As a strategy to stop me reaching for a glass of wine, I've been keeping really busy.  The freezer now has no more room for home cooked meals.  What I'm finding out about myself is that I don't know how to relax.  If I keep busy then I can't unwind and then I want a drink.
I know a lot of you do yoga and I'm sure that may help, but I feel so time poor at the moment that the thought of finding a class and the time to go there is stressing me!
I read,  I d o HIIT exercises but need to rediscover  and find new interests. Easier said than done.

Sunday, 11 September 2016

Looking forward to 100 days

Reading a lot of blogs from people who have passed 100 days, it appears this is a time when attitudes seem to make a significant shift.   Apparently one hundred days from today is Tuesday 20th December, so my 100 days will be a few days before that.
I love Christmas, but don't start preparing very early.  I like rushingaround the week before,and the joy of being at home with the family.
There is always the stress of parties.  Will I drink too much, do anything regretable?
So this year I am preparing early.  Looking forward to having a clear head, lots of energy not thinking about controlling my drinking. I can visualise this well and am using this as a strong incentive to get to one hundred days and beyond.  Then it will be dry January.  I'll have the tools to give that a go too!.
If anyone is still trying to make day one stick, think how great it would be get one hundred days in now.

Friday, 9 September 2016

Struggle

Just done very busy work twelve hour day.
Struggle, but happy to go to bed in the understanding that tomorrow will be a great day.
MNW xx

Wednesday, 7 September 2016

New beginnings.

Back at work after the summer break.  It's always full on and very busy.  On Monday night I slept very badly.  I found it hard to wind down after a long day and was awake for hours in the night.
Tuesday was just as busy. Unfortunately I had to finally say yes to meeting a friend for her birthday. Not her actual birthday, that was a while back.  She doesn't drink much and treats having a glass of wine with the excitement I probably did as a teenager.
So there it is.  I didn't have the courage to say I wasn't drinking alcohol
as she would be shocked that this problem existed.   Only homeless people on park benches suffer this fate!   She would have felt very sorry for me and tell a lot of people I am not ready to tell what a bad way I must be in and how everyone should look after me.  Her constant hushed tone concerns would not be helpful.
Why didn't I just say I wanted a non-alcohlic drink?  I didn't want to disappoint her and, yes, I wanted one.
So I  suppose I'm beginning again, but am optimistic although feel like a failure for caving at an early hurdle.  This has redoubled my resolve, and put me on my guard!
On another matter, I have no idea why when I post comments they often appear twice. I promise I am not drunkenly hitting the send button!

Sunday, 4 September 2016

Mornings

It seems obvious, but what I am really enjoying is the early morning.  The sun has been shining(apart from today) even if it has clouded over later.  The peace and stillness are great and the expectation of a good day ahead.  You also get a lot done!

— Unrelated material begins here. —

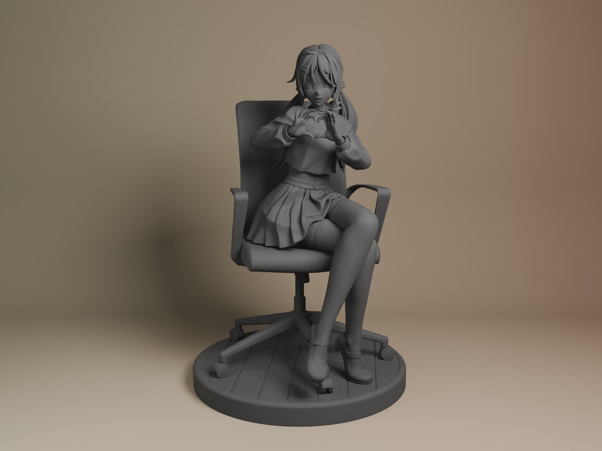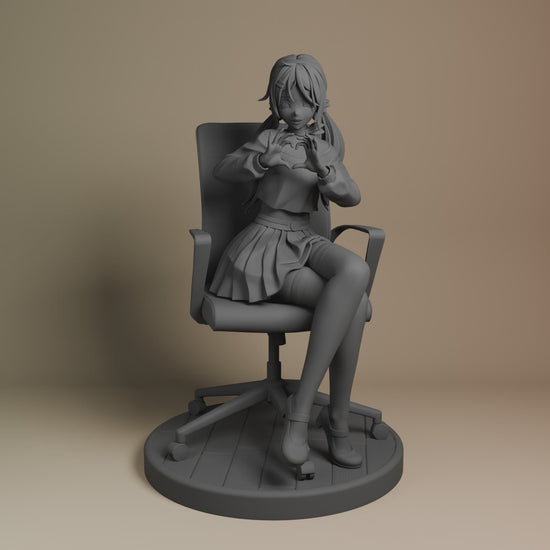 Relaxed seated pose with heart-hand gesture on an office chair base. Unpainted resin kit, ready for your assembly and paint.

Yesterday evening, however was tough.  Sometimes you don't want to go to bed early to avoid yourself!
More positive today.

Thursday, 1 September 2016

Have been visiting friends for a couple of days.  It's amazing that if you say you don't really want to drink nobody really questions it.
Great couple of days. Now back home, God I want a drink.
PS I have an English degree but no IT skills.  After four hours of effort over the past week I am still having to write this without being able to see what I am typing.  Eventually it might be a bit more eloquent.